Tonight I wish to consider first the legal legitimacy and legal effectiveness of this patriation process, and then I want to enquire as to the lessons to be derived from this great national adventure with respect to the sources of political legitimacy for our constitution.

The Canada Act, 1982 and Legal Legitimacy

In talking first about the legal legitimacy of the process and its product, the Canada Act, 1982, I want to stress the great care that was taken in the use once again of the tried and true legal machinery for constitutional amendment.  I can do so on the basis of the public record and without compromising any solicitor-client obligation which I may have.

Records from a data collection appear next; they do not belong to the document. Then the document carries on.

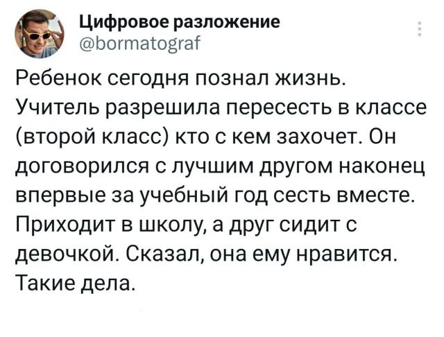 Подборка забавных твитов обо всем. Выпуск 579 Категория: Подборка забавных твитов обо всем, PEGI 16 7 мая 2023 Предыдущая страница 1 2 3 4 5 6 Следующая страница Предыдущая подборка +4 интернет, твиты, короткие сообщения, прикол, мысли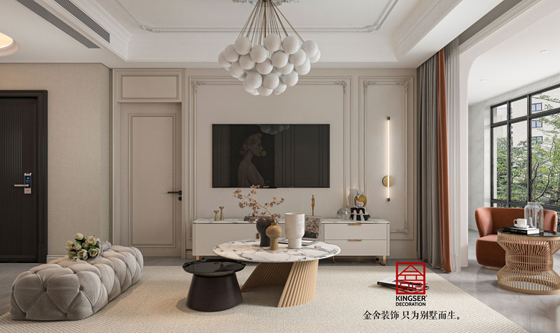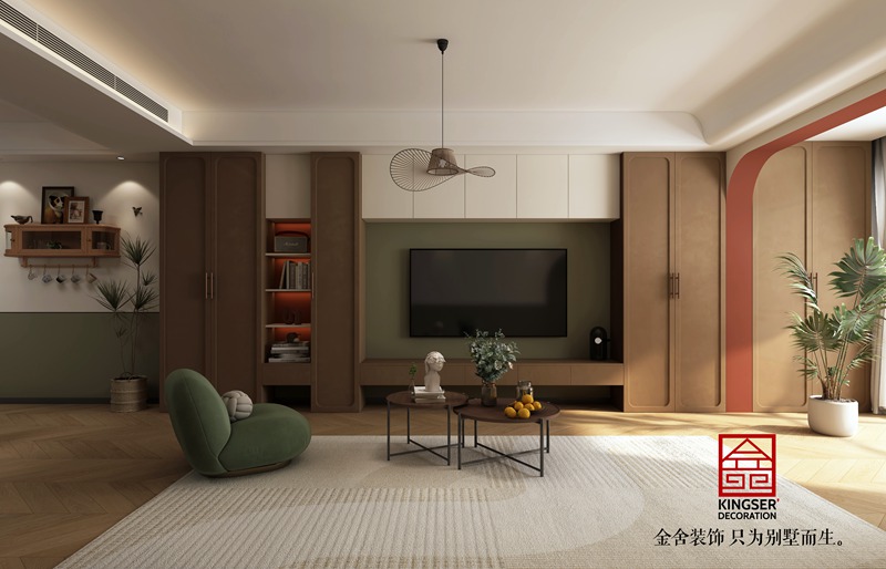 餐廳主墻面做酒柜及水吧增加收納空間,方便制作飲品,冰箱放置在北側陽臺,廚房做高柜內嵌蒸烤一體機,陽臺設置洗烘一體機,預留掃地機器人電源及下水位置,玄關位置放置裝飾性玄關柜,鞋帽柜放置再入戶門外。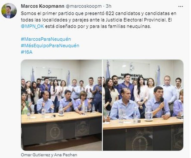 “Hoy es un día muy importante para la historia de nuestro partido, para nuestro proyecto, somos el primer partido en presentar ante la Justicia Electoral los candidatos que van a seguir defendiendo a las familias neuquinas”, dijo Koopmann.

As I mentioned in my first lecture, it had become established in the eighteenth century, at least in this part of the Empire, that the United Kingdom Parliament could pass any laws it wished with respect to Canada and that its laws were supreme here.  That supremacy was clarified by the Colonial Laws Validity Act of 1865.  However, as is well known, the practice gradually developed that Westminster would not legislate for the self-governing Dominions such as Canada unless requested to do so.  Such requests might arguably be made by the executive government alone.  For Canada, while this was the general rule, there also was a particular rule with respect to the amendments made at Westminster to the British North America Act, the most important British statute of all applying to the Dominion.  A special practice developed for amendments to the British North America Act; these were to be requested not by the executive government of Canada, but by the two Houses of the Canadian Parliament.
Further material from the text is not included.